D1.1 DNA REPLICATION Flashcards
DNA Replication
The synthesis of an exact DNA copy with identical base sequence as original strand.
Why is DNA Replocation needed?
So that both daughter cells have the entire genome.
What 3 processes is cell division a part of?
- Growth
- replacement of damaged tissue.
- reproduction, providing cells that become gametes.
What is DNA described as?
Semi-conservative
why is DNA called Semi-conservative?
Each DNA molecule has one old strand and one new strand.
Why are the two strands of DNA identical to each other in base sequence?
Complementary base pairing.
Why is complementary base pairing important?
Ensures dna rep is accurate.
Replication fork:
site where a parent DNA molecule is separated into 2 single strands. §
Outline DNA replication in steps:
1) Helicase unwinds double helix and breaks H-bonds.
2) DNA polymerase links existing nucleotides to form new strands using the old one as a template strand.
3) New DNA molecule rewinds into double helix.
What is PCR used for?
DNA Amplification
where is PCR carried out in?
small tubes called eppendorfs.
What do Eppendorfs contain? (state reasons)
- DNA sample
- Taq DNA Polymerase, heat-stable enzyme, allows higher temps to be used.
- Primers: short DNA fragments that bind to DNA sample§s after being split by heat.
- DNA nucleotides for assembling new strands.
How many primers are needed?
2
Outline the temp change cycle of PCR
1) DNA heated to 95 to separate the 2 strands.
2) Temp reduced to 53, primers can bind to both strands next to desired sequence.
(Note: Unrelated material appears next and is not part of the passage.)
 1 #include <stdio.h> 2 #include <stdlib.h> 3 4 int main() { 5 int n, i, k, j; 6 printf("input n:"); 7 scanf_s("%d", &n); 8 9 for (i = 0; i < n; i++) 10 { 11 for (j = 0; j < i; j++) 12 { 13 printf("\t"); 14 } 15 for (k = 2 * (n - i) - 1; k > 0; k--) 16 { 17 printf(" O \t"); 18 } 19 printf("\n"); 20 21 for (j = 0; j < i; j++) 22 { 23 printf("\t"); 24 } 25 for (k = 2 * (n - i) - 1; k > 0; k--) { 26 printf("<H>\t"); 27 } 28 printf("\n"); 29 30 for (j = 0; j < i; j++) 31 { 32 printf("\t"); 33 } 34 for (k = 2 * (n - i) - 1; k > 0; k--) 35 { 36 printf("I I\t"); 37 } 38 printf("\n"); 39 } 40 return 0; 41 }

3) Temp increased 73 which encourages Taq DNA to replicate both strands starting at the primer.
DNA Amplification
There are twice as many copies of a desired DNA base sequence.
Gel Electrophoresis
Separating method for charged DNA fragments with different sizes.
Outline the procedure of Gel Electrophoresis:
1) A mixture of macromolecules is placed on a thin sheet of gel (mesh of inert material such as agarose).
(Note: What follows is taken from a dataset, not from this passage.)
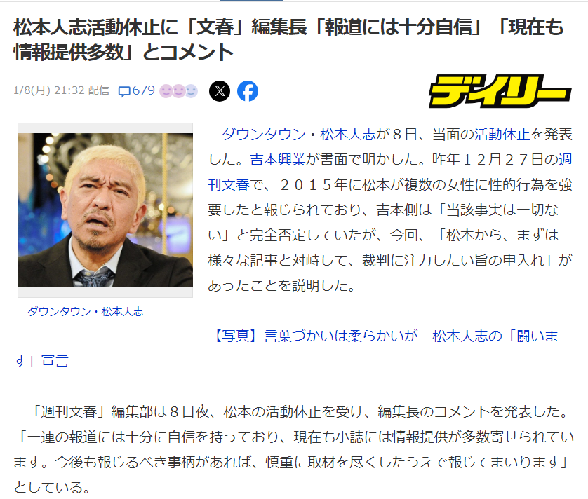 【悲報】松本人志「訴える!覚悟しろ」文春編集長「まだ情報がガンガン来てますよ?」
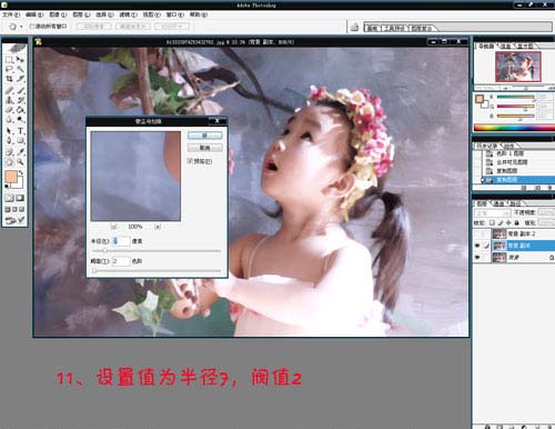 11、添加杂色滤镜的参数的设置,半径3,阈值2。

2) Electrodes are attached at both ends.
3) DNA moves to the negative end because phosphate groups are negatively charged.
4) Small molecules move faster than large ones.
What are the uses of Gel Electrophoresis?
Separating DNA with short tandem repeats.
How are PCR and Gel Electrophoressi applied for DNA profiling:
1) DNA sample is taken
2) Primers are used to create to promote simultaneous amplification of 15 STRs by PCR.
3) STRs are separated by Gel electrophoresis.
What are applications of PCR and gel electrophoresis?
- Forensic investigations
- Paternity tests
In what direction does DNA replication occur:
DNA Polymerase III adds free nucleotides to the deoxyribose at the 3’ terminal (5 to 3)
The two DNA strands are…
ANTI-PARALELL
Compare Leading and Lagging Strands of DNA:
1) Leading Strand:
- replication is continuous
- RNE Primer Initiates once
- DNA polymerase moves towards the replication fork.
2) Lagging Strand
- DNA Polymerase III moves away from the replication fork.
- Short DNA fragments called Okazaki fragments are used to replicate the strand.
- discontinuous replication.
- RNA Primer Initiates several times
Helicase function
- unwinds double helix - separates strands
DNA Primase
Adds a RNA primer to dna strand
DNA Polymerase III Func (Lagging)
Binds to lagging strand at 3’ end of RNA primer + adds DNA nucleotide.
DNA Polymerase I
Removes RNA Primer and replaces it with DNA, leaves a gap.
DNA Ligase
Seals up the gap between okazaki fragments, makes sugar-phosphate bond
DNA Primase (Func - Leading)
Adds primer to 3’ to 5’ end, DNA polymerase can bind
DNA Polymerase III
Moves toward replication fork and adds free nucleotides to assemble DNA.
DNA Proofreading
DNA Polymerase III moves back to the mismatched pair, excises it and re-inserts a nucleotide with a correct base.